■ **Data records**

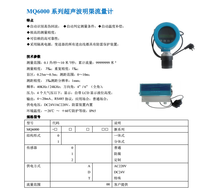 Apure愛(ài)普爾超聲波明渠流量計(jì)MQ6000LCD流量計(jì)
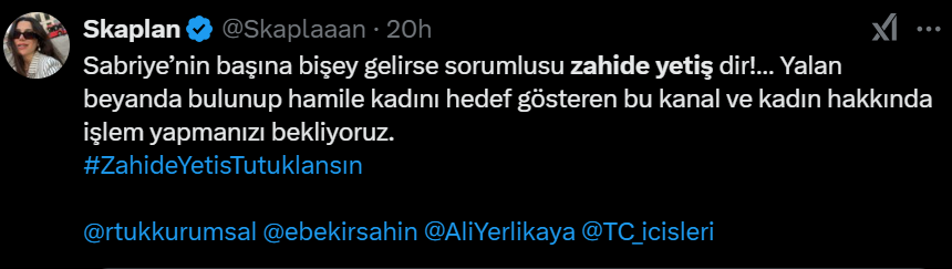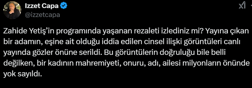 Görüntülerin doğruluğu kanıtlanmamışken bir kadının zan altında bırakılması ve böyle görüntülerin canlı yayında izlenmesi sosyal medyadan yoğun tepki aldı. Zahide Yetiş ‘X’ platformunda tt oldu ve tepkilerin ardı ardı kesilmedi.
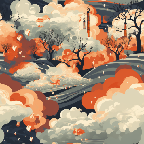 A network of lines and geometric patterns that mimic the veins of a leaf or cracks in ice. These patterns infiltrate the silhouettes of wild animals and warriors, suggesting their innate connection to nature and the harshness of their environment.
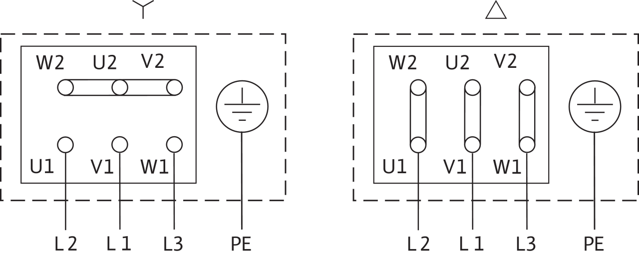 Защитный выключатель электродвигателя должен предоставляться заказчиком. Контролировать направление вращения! Для изменения направления вращения поменять местами любые две фазы.
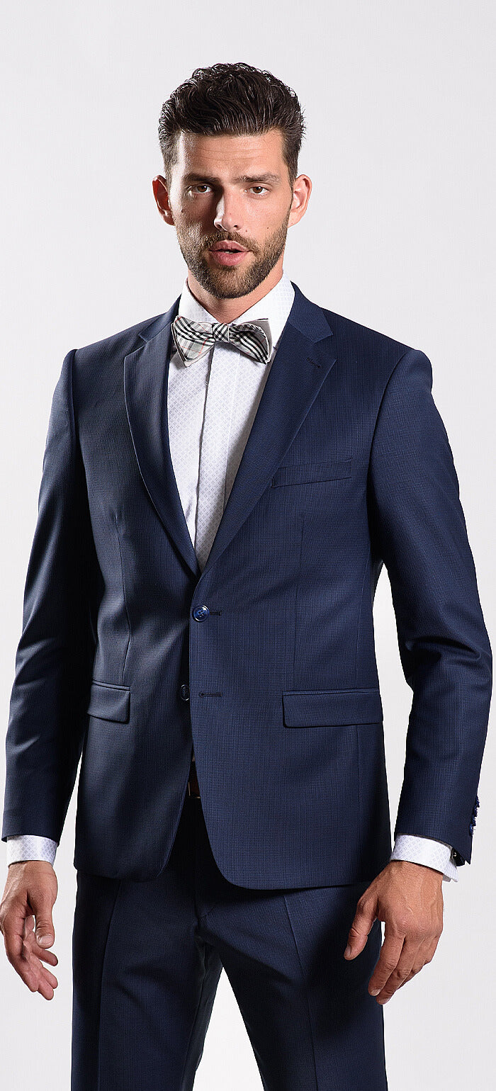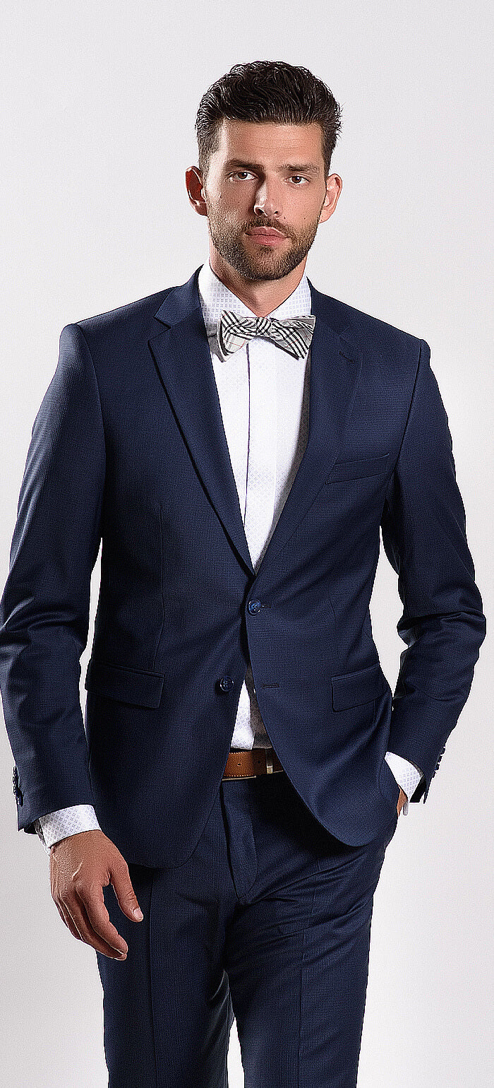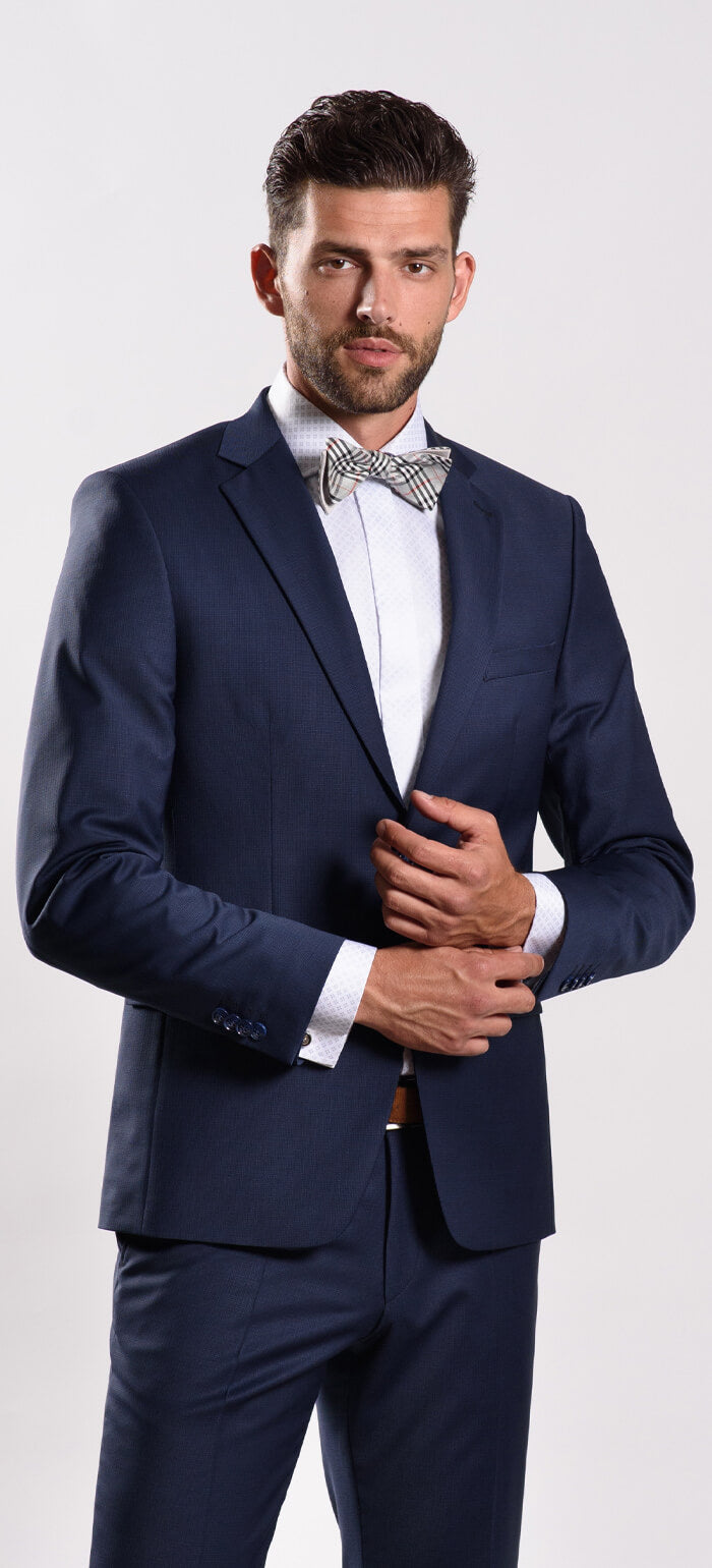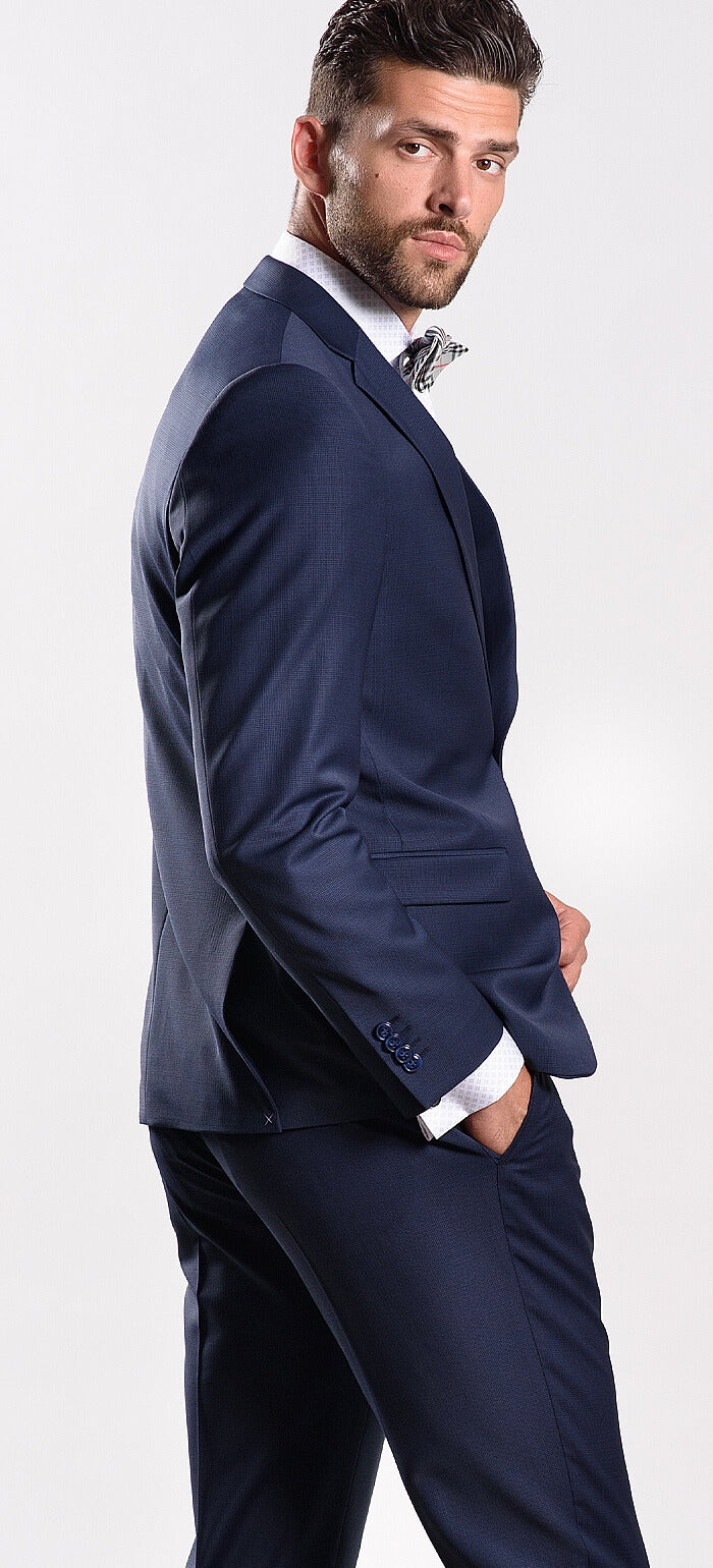 Tmavomodrý Slim Fit oblek s jemným vzorom
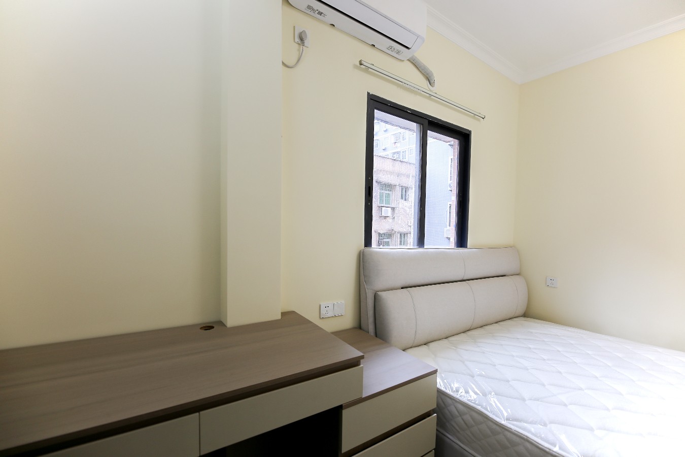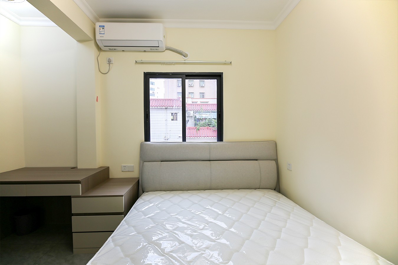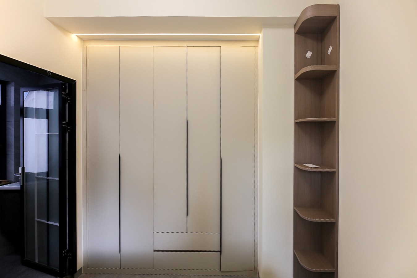 主卧延续了客厅的基调,浅黄色+白色的搭配,进门书桌+床头柜的组合,床尾靠墙定制的到顶衣柜,氛围灯带提升室内的情调,设计简约而质感,在视觉上营造出恬静温暖感。
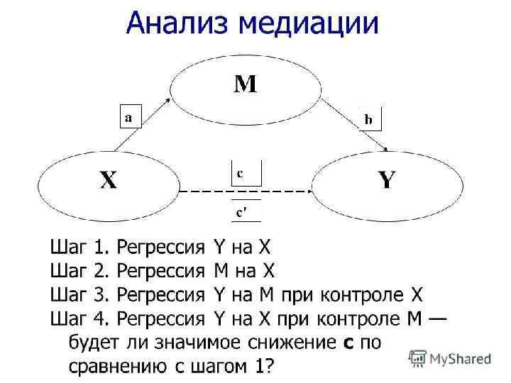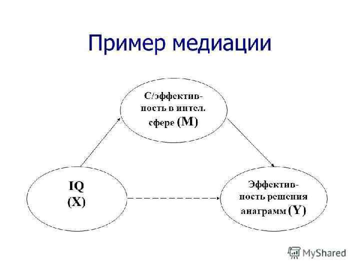n Ш Ш n Использование множественной регрессии для оценки модели опосредования требует двух следующих допущений: не должно быть ошибки измерения в медиаторе зависимая переменная не вызывает медиатор Медиатор, поскольку он зачастую является внутренней, психологической переменной, вероятнее всего будет измеряться с ошибкой. Присутствие ошибки измерения в медиаторе имеет тенденцию приводить к недооценке влияния медиатора и переоценке влияния независимой переменной на зависимую переменную, когда все коэффициенты являются позитивными.
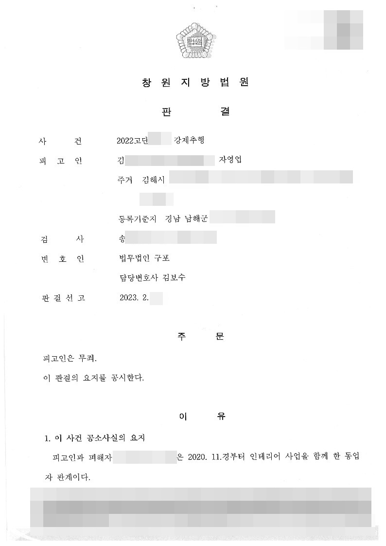법무법인 구포의 변론을 받아들인 재판부는 의뢰인에 대하여 무죄를 선고하였습니다.
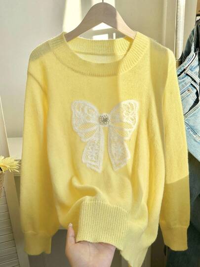 Comfortcana 大码女式休闲可爱蝴蝶结刺绣仿珍珠水晶装饰套头衫,秋季 - 黃色 - 查看 1

■ **Task item**
Using the records above, repeat exactly the run of lines that starts with the line with "Tmavomodrý Slim Fit oblek s jemným vzorom" and goes on through the line with "主卧延续了客厅的基调,浅黄色"; omit each picture.

■ **The answer**
 Tmavomodrý Slim Fit oblek s jemným vzorom
 主卧延续了客厅的基调,浅黄色+白色的搭配,进门书桌+床头柜的组合,床尾靠墙定制的到顶衣柜,氛围灯带提升室内的情调,设计简约而质感,在视觉上营造出恬静温暖感。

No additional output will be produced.